*** Opening of Excerpted records ***

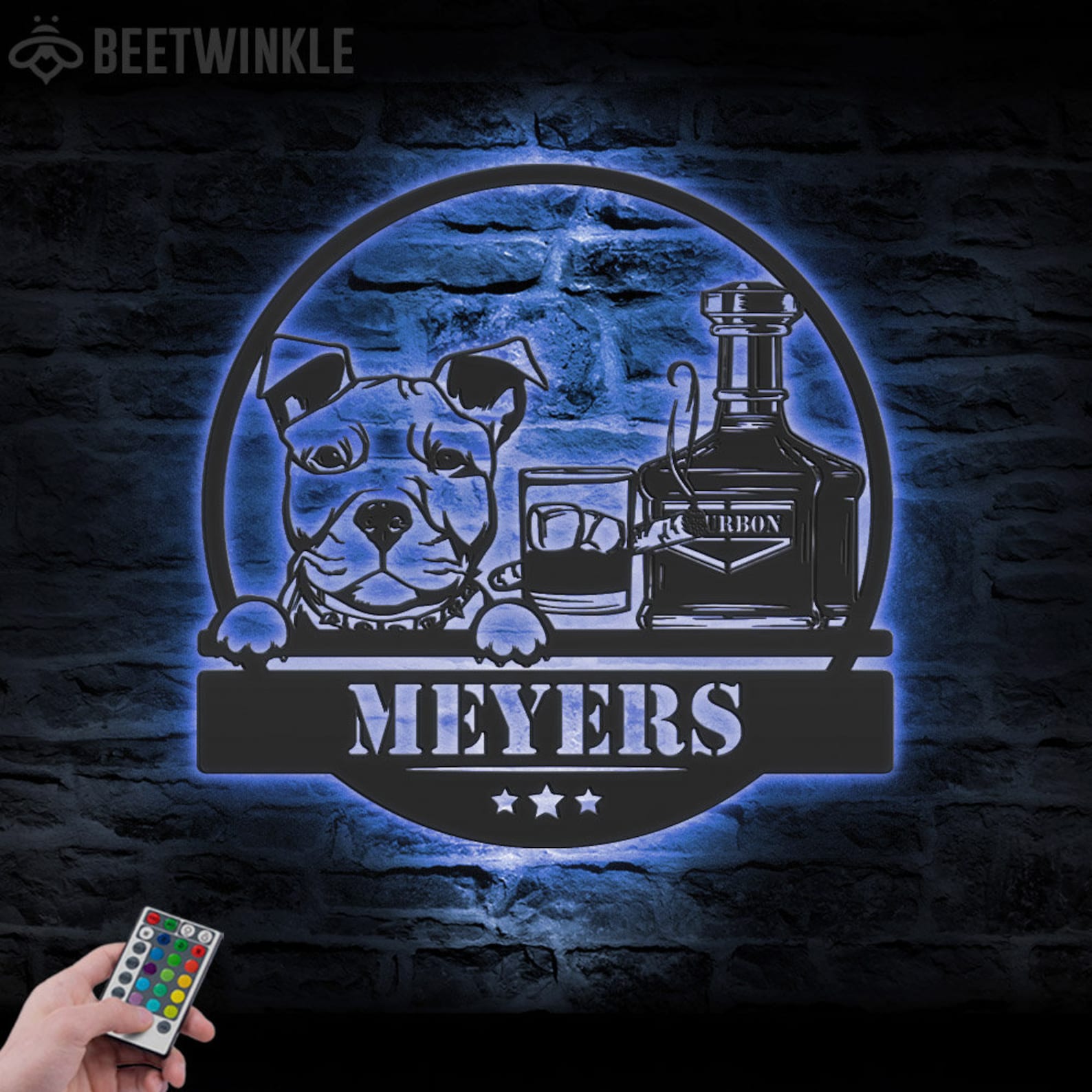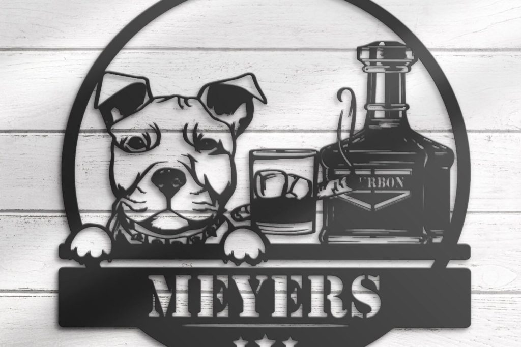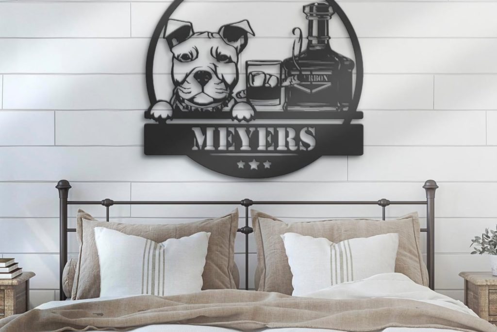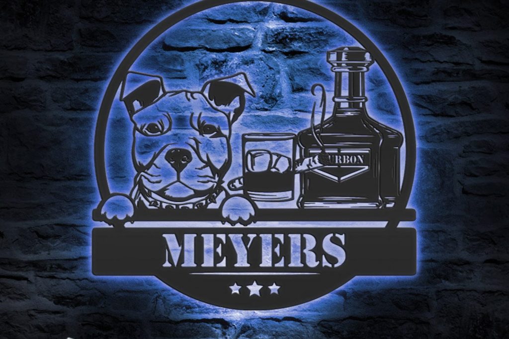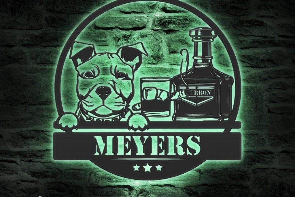 Be the first to review “Custom Whiskey Cigar and Pitbull Dog Metal Wall Art – LED Light, Personalized Sign”
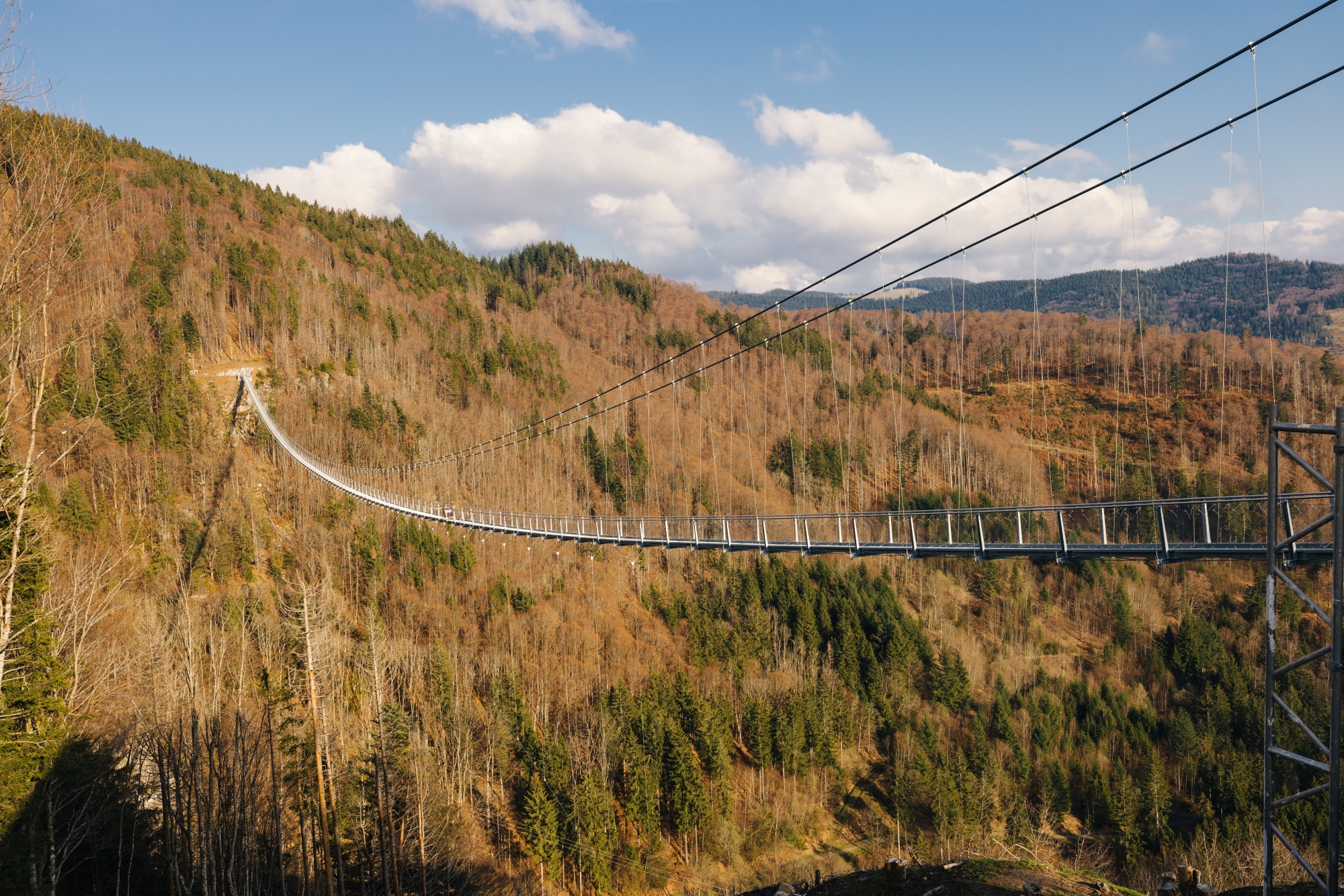 Die Eberhardt Bewehrungsbau GmbH aus dem schwäbischen Riedlingen hat in das Großprojekt rund fünf Millionen Euro investiert und wird nun auch den Betrieb der Brücke übernehmen. Das Unternehmen hat bereits in Bad Wildbad im Nordschwarzwald eine 380 Meter lange Hängebrücke gebaut, die als Erfolgsmodell gilt. Nun steht das erste Projekt im Hochschwarzwald vor der Eröffnung.
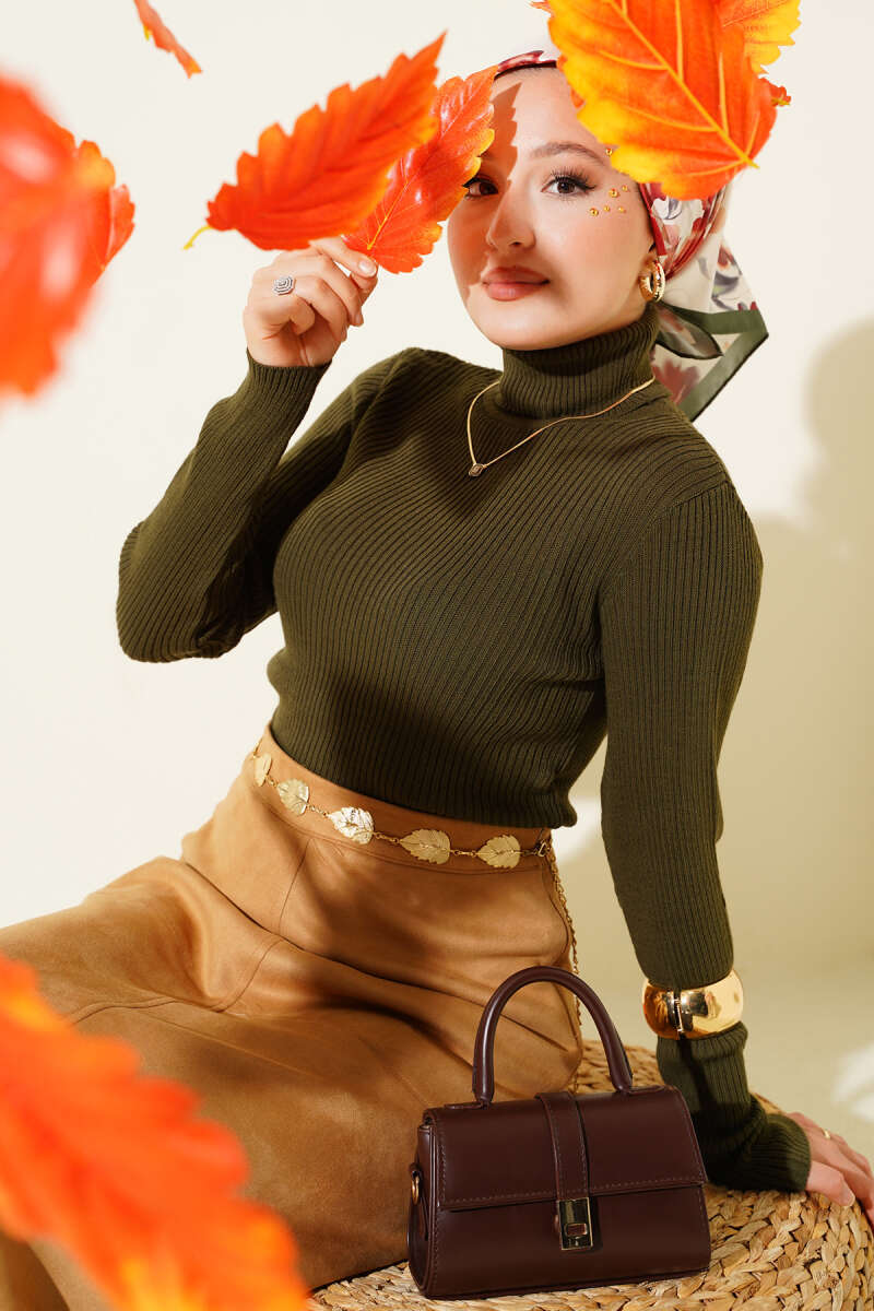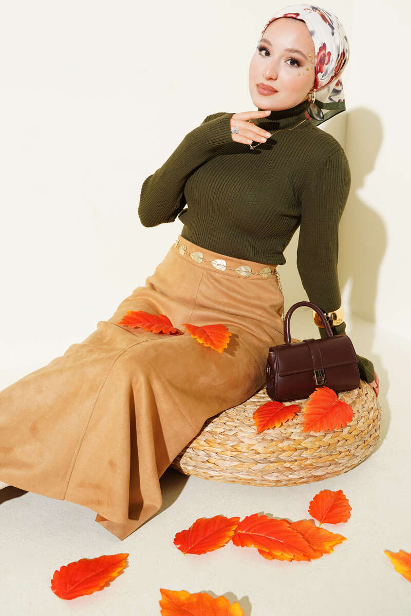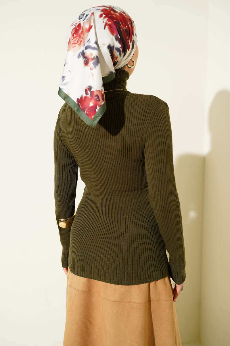 Fitilli Balıkçı Yaka Triko Kazak Haki
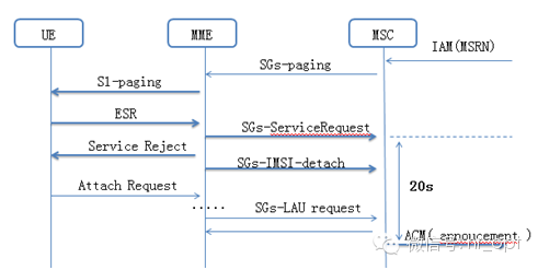 (3)UE返回LTE网络,尚未发起TAU流程,但看到空口的寻呼消息后,会立即发起寻呼响应消息
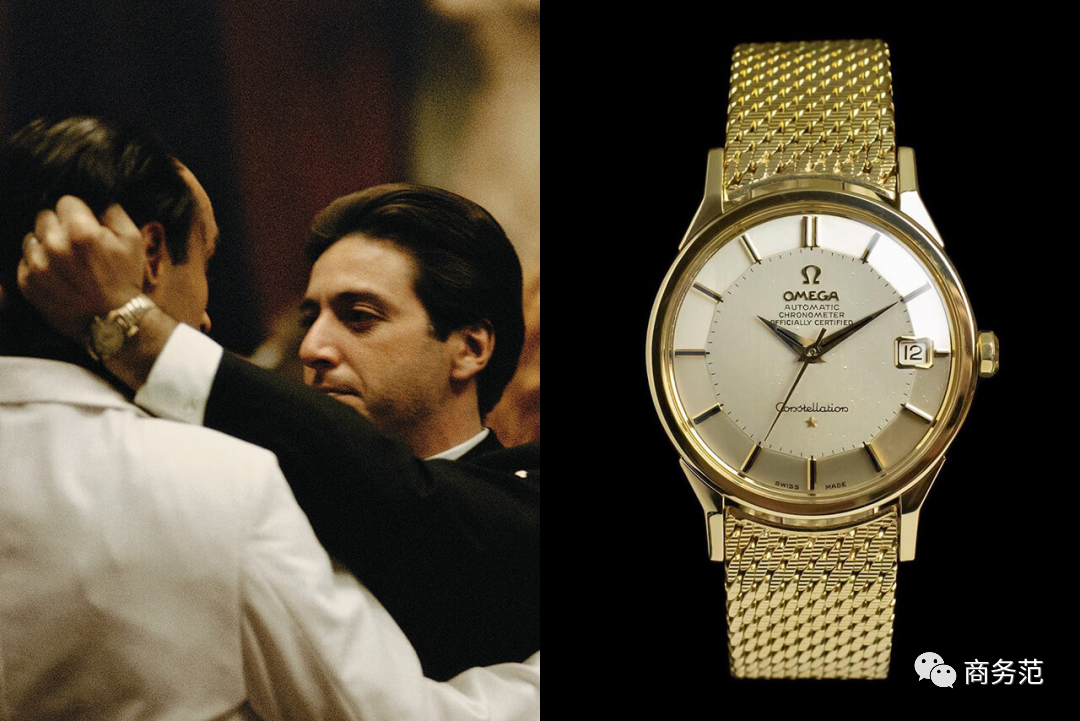 到了第二部成为大佬后,马上换成了大金表,比如这块14k金欧米茄星座系列馅饼盘(已停产),现在的腕表市场上价格还要9500美元。
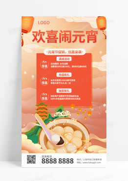 黄色中国风插画欢喜闹元宵2024元宵节手机宣传文案海报
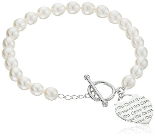 -. Title : Sterling Silver 6-7mm White Baroque Freshwater Cultured Pearl Heart Charm Toggle Bracelet
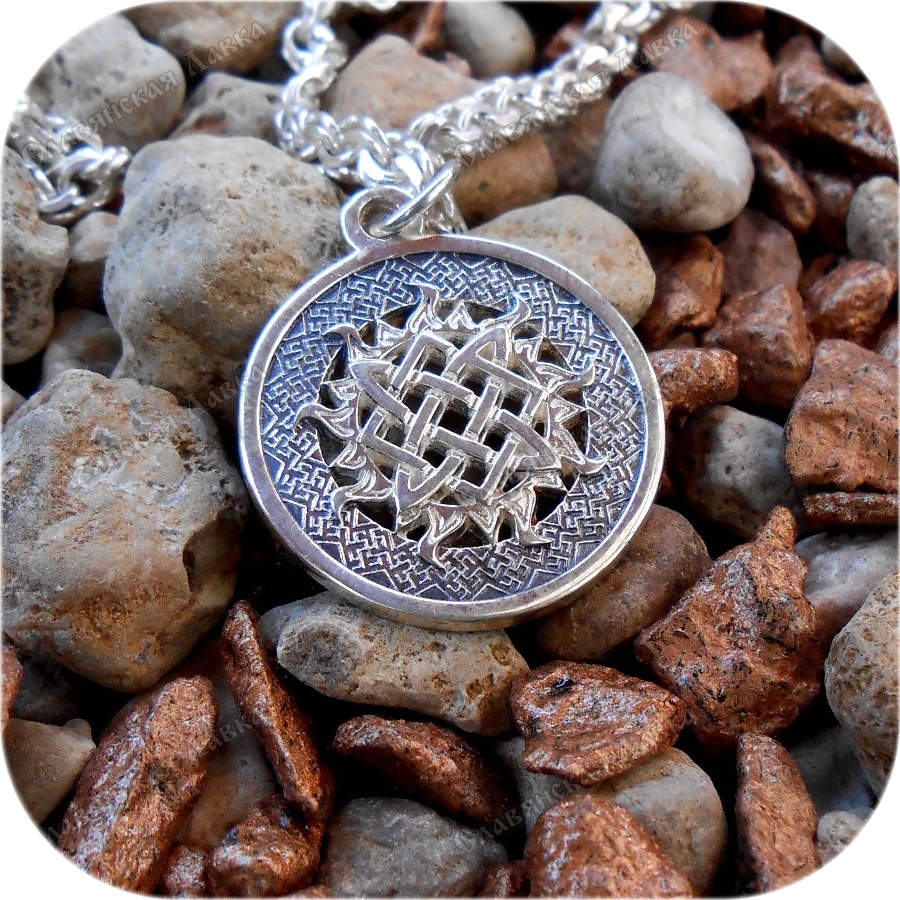 Оберег из серебра в виде круга с «горящим» внутри Солнцем, в которое, в свою очередь, заключён славянский символ «Квадрат Сварога». Причём в качестве орнамента выступает ещё один известный символ - Цветок Папоротника. Таким образом, оберег обладает тройной защитой.
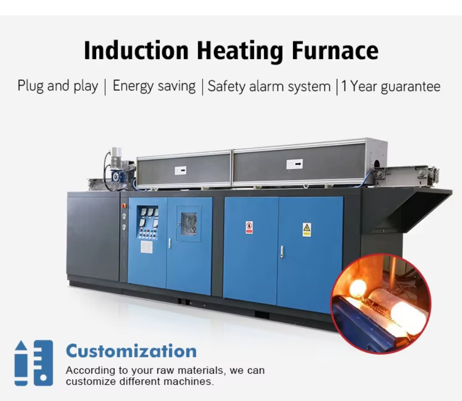 เตาอบความร้อนเหนี่ยวนำแบบกำหนดเอง 200KW 400KW 500KW 380V สำหรับการตีขึ้นรูป การอัดขึ้นรูป และการอบชุบด้วยความร้อนเหนี่ยวนำ รับประกัน 1 ปี

*** Close of Excerpted records ***

Work request:
Exactly as written, reproduce the lines from the beginning of the material through the line with "Оберег из серебра", and skip any picture.

Completed task:
 Be the first to review “Custom Whiskey Cigar and Pitbull Dog Metal Wall Art – LED Light, Personalized Sign”
 Die Eberhardt Bewehrungsbau GmbH aus dem schwäbischen Riedlingen hat in das Großprojekt rund fünf Millionen Euro investiert und wird nun auch den Betrieb der Brücke übernehmen. Das Unternehmen hat bereits in Bad Wildbad im Nordschwarzwald eine 380 Meter lange Hängebrücke gebaut, die als Erfolgsmodell gilt. Nun steht das erste Projekt im Hochschwarzwald vor der Eröffnung.
 Fitilli Balıkçı Yaka Triko Kazak Haki
 (3)UE返回LTE网络,尚未发起TAU流程,但看到空口的寻呼消息后,会立即发起寻呼响应消息
 到了第二部成为大佬后,马上换成了大金表,比如这块14k金欧米茄星座系列馅饼盘(已停产),现在的腕表市场上价格还要9500美元。
 黄色中国风插画欢喜闹元宵2024元宵节手机宣传文案海报
 -. Title : Sterling Silver 6-7mm White Baroque Freshwater Cultured Pearl Heart Charm Toggle Bracelet
 Оберег из серебра в виде круга с «горящим» внутри Солнцем, в которое, в свою очередь, заключён славянский символ «Квадрат Сварога». Причём в качестве орнамента выступает ещё один известный символ - Цветок Папоротника. Таким образом, оберег обладает тройной защитой.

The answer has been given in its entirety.